Open caisson construction method and open caisson structure

Technical Field

The invention relates to the technical field of open caisson construction, in particular to an open caisson construction method and an open caisson structure.

Background

Along with the development of cities, more and more original buildings need to be additionally provided with underground spaces, construction is carried out in the buildings, the height and the plane position are limited, the traditional fender post is adopted for construction, the space is limited, the manufacturing cost is high, and the existing buildings are easily damaged. Especially for historical protection buildings, the construction space in the buildings is limited, the clearance is low, and the construction is difficult.

Therefore, it is necessary to provide a sunk well which has low disturbance, no noise, weak influence on the original building structure and can be suitable for low-clearance construction environment and a construction method thereof.

Disclosure of Invention

The invention provides an open caisson construction method which is used for solving the defects that the traditional open caisson construction is large in disturbance, difficult to control the sinking posture and limited in construction space, realizing safe and efficient open caisson construction and reducing the influence on buildings.

The invention also provides an open caisson structure, which is used for overcoming the defect that the traditional open caisson is easy to float upwards after bottom sealing and improving the stability of the open caisson.

The invention provides a sunk well construction method, which comprises the following steps:

taking the side wall of the caisson box as a first stress point;

taking a fixed point position in the sinking direction of the open caisson box as a second stress point;

a jack and an anchor rod mechanism are arranged in the sinking direction of the open caisson;

one end of the jack, which is close to the second stress point, is connected with the first stress point, and one end of the jack, which is far away from the second stress point, is connected with the second stress point through the anchor rod mechanism;

applying a pulling force to the anchor rod mechanism through the jacking force of the jack, and drawing the caisson box to sink through the pulling force;

and after the caisson box sinks in place, sealing the bottom of the caisson box, and connecting one end of the anchor rod mechanism, which is far away from the second stress point, with the caisson box.

According to one embodiment of the invention, the step of connecting the end of the jack close to the second force point to the first force point comprises:

setting a penetrating jack with the jacking direction the same as or opposite to the sinking direction of the caisson box, and fixedly connecting one end of the penetrating jack, which is close to the second stress point, with the inner wall of the caisson box through a steel pipe;

the step of connecting the end of the jack away from the second force bearing point with the second force bearing point through the anchor rod mechanism comprises:

the anchor rod mechanism is arranged along the same jacking direction of the through jack, one end of the anchor rod mechanism penetrates through and is connected with the through jack, the other end of the anchor rod mechanism extends into the position of the second stress point, and the position of the second stress point is poured to form an enlarged pile head, the enlarged pile head is fixed with a soil body, and the anchor rod mechanism is fixedly connected with the enlarged pile head.

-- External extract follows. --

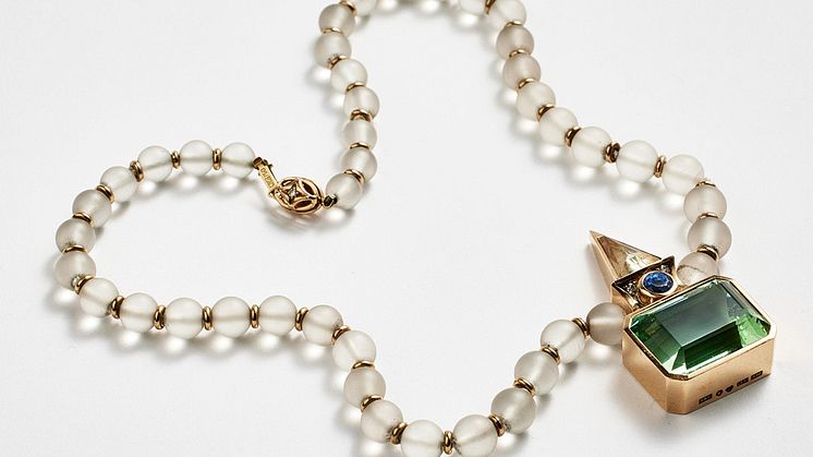Varje enskilt smycke skapades helt fristående och alltid med en specifik person i åtanke. Mellan 1979 och 1985 komponerade han framförallt storslagna halsband med kaskader av koraller, akvamariner och pärlor som fästes samman av enorma lås i smyckets mitt. En av dessa halskragar ser vi nu i Moderna & Nutida, ett sprakande collier med röda koraller och trumlade turkoser – essensen av den dekor och egensinniga dramatik som definierade Kristian Nilssons smyckeskonst.

According to one embodiment of the invention, at least two first force bearing points and two second force bearing points are arranged, the first force bearing points and the second force bearing points are in one-to-one correspondence to form a group, and the first force bearing points are uniformly arranged on the side wall of the caisson box.

According to one embodiment of the invention, the method further comprises the following steps:

and the side wall of the open caisson is provided with a grouting pipe and a slurry outlet, and the periphery of the side wall of the open caisson is grouted through the grouting pipe and the slurry outlet in the sinking process of the open caisson.

According to one embodiment of the invention, the method further comprises the step of correcting:

arranging an observation tube on the side wall of the caisson, arranging an observation lamp at the bottom of the observation tube, arranging a cross wire at the upper end of the observation tube, and judging the verticality of the caisson according to the relative position information of the cross wire and the observation lamp;

and adjusting the verticality of the open caisson by adjusting the lifting range of the jack at the corresponding position.

According to an embodiment of the invention, the step of bottoming the caisson and connecting the end of the bolting mechanism remote from the second force point to the caisson comprises:

pouring concrete at the bottom of the open caisson box, and fixedly connecting the anchor rod mechanism with the concrete; and (4) removing the part, located at the upper end of the concrete, of the anchor rod mechanism, and sealing the end part of the anchor rod mechanism.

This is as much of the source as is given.